One last example. If you’ve taken the CISSP exam, you know it’s about as much fun as a root canal without novocaine. The material is obscure (fire extinguisher codes anyone?), and the questions are designed to be difficult (“choose the most correct answer”). You could point a search engine at the body of knowledge, but you can’t just drop the question into the search field and get anything like a good answer out of it.
But if you feed the BOK into a cognitive engine that has a basic security vocabulary, it’ll get roughly half the questions right. Think about that for a moment – the engine read the BOK, then read the question, read the answers, and understood enough to get half the questions right. That’s impressive, but not the end of the story. A key part of building a cognitive engine is to teach, train and calibrate the corpus of knowledge.

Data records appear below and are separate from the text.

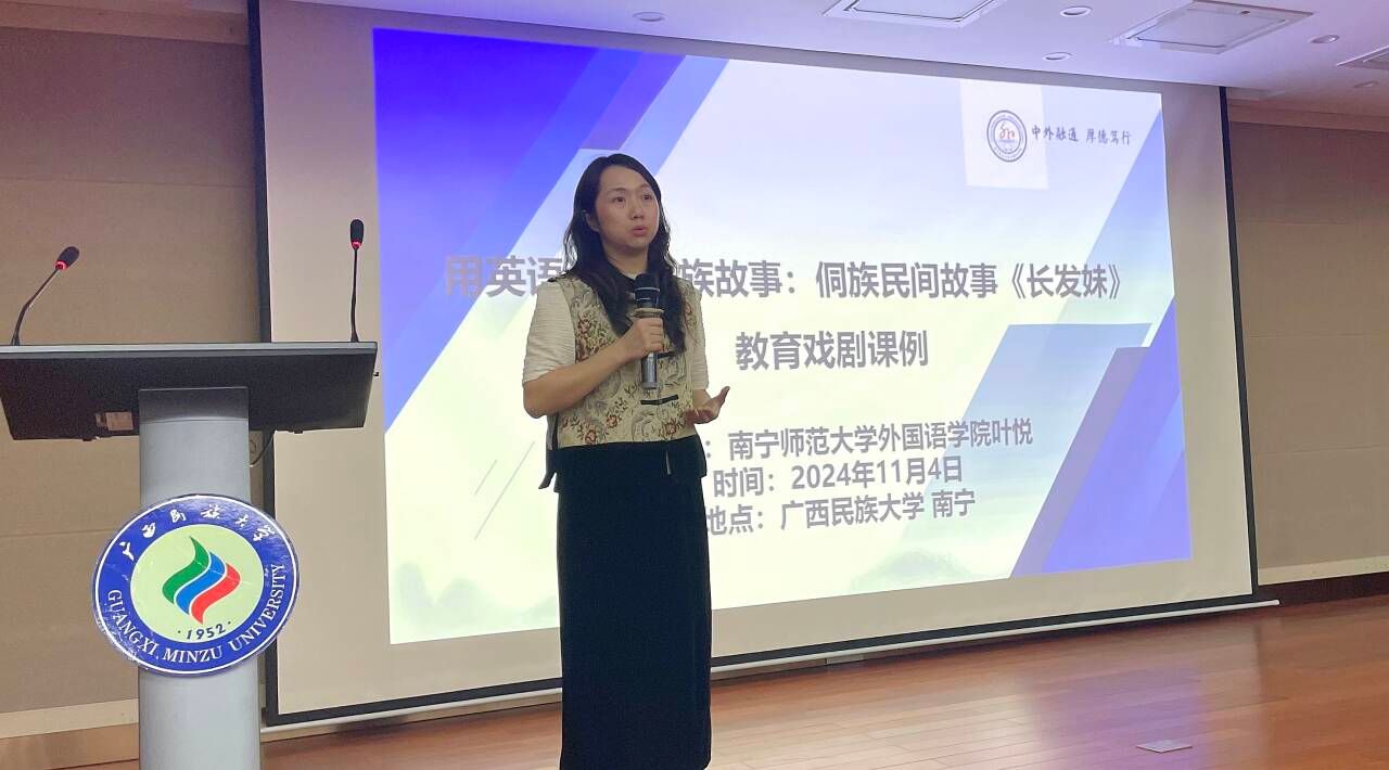 邀请在广西民族大学首场“启思赋能”讲座中开展主题为“民族地区英语教育戏剧融合课程实践探索”的学习交流活动。本次活动由广西民族大学国产自慰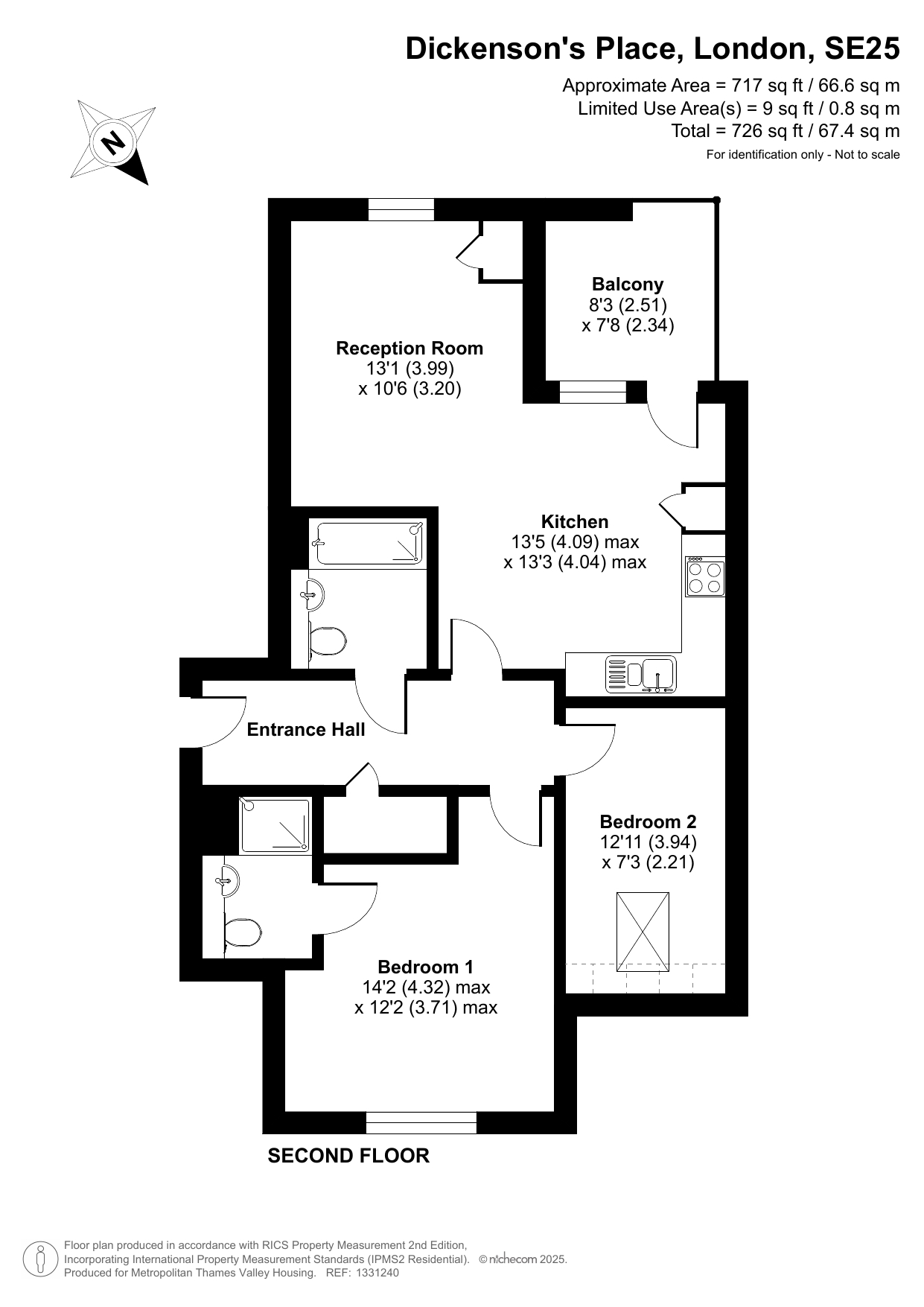 The flat features an open plan living room and kitchen, two bedrooms, and two bathrooms.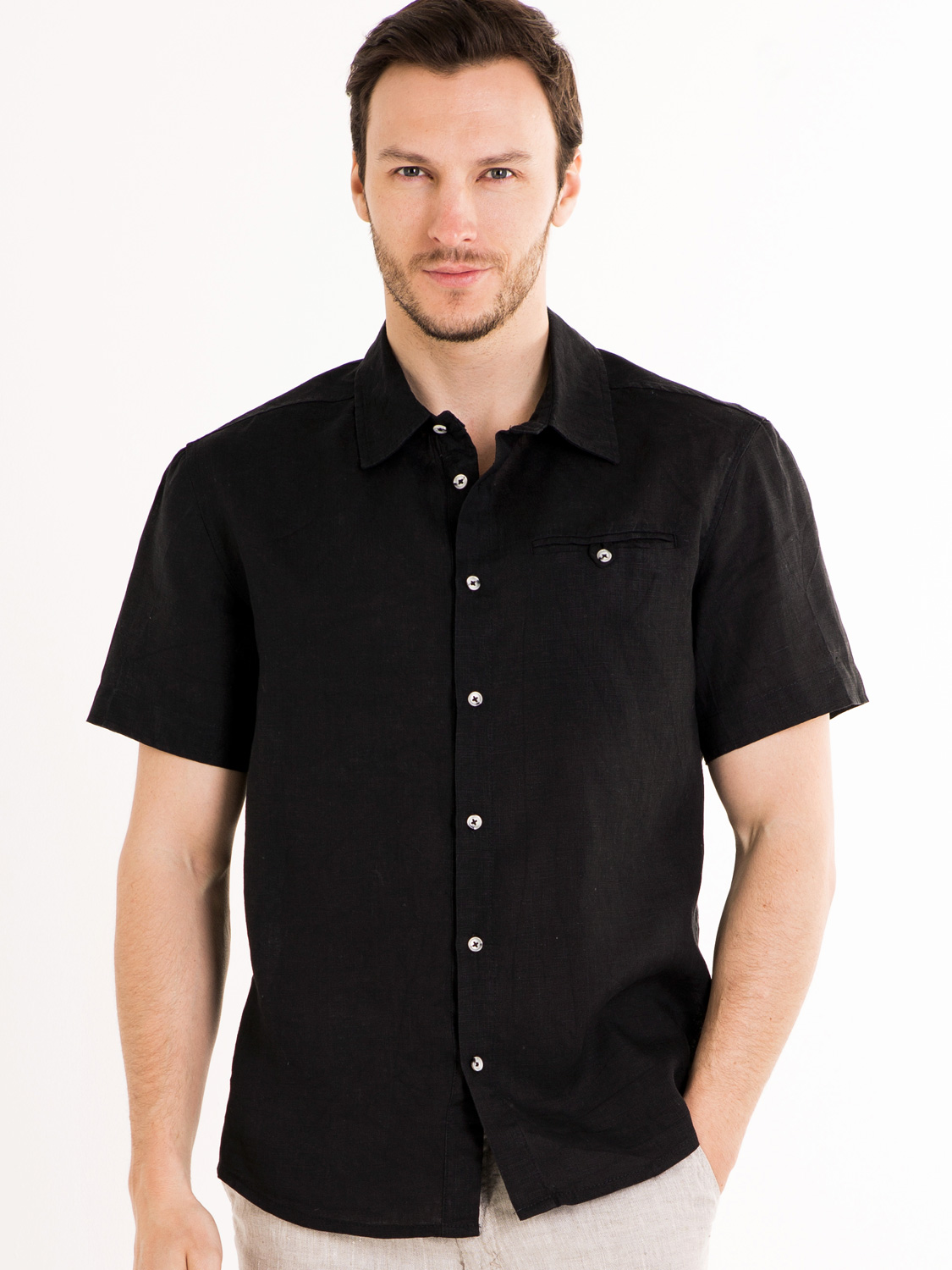 Мужская льняная рубашка свободного кроя с коротким рукавом . Классический отложной воротник, застежка - на пуговицы. Один нагрудный прорезной карман "в рамку" на пуговице.

After a few weeks of working with it, it’ll then score 90% or better – if cognitive was five years old, it could get certified. By the way, those other questions are the ones we all think are bogus.
Is it magic? No. Cognitive isn’t skynet, it doesn’t replace people – it arguments them. I’ve heard some folks say that cognitive security will replace a tier-one SOC operator. No it won’t. It’ll give those folks somewhere else to go ask questions (almost like augmenting tier-2). A human will always be in the loop, but the heavy lifting of analyzing an event can be reduced with cognitive. It’ll allow for faster diagnosis, which not only saves time and money, but also let’s us start our remediation process faster, and return to service sooner.
With a modern security intelligence platform in a well instrumented environment, cognitive security, and a robust incident response workflow engine we have the potential to reduce the time from when an incident occurs to when it’s fully remediated from days or weeks, to minutes or hours. That’s a game-changing event. But that full life-cycle only works if we have access to all the security information – machine and human generated. We need to do it, because we have to improve the risk posture of the business.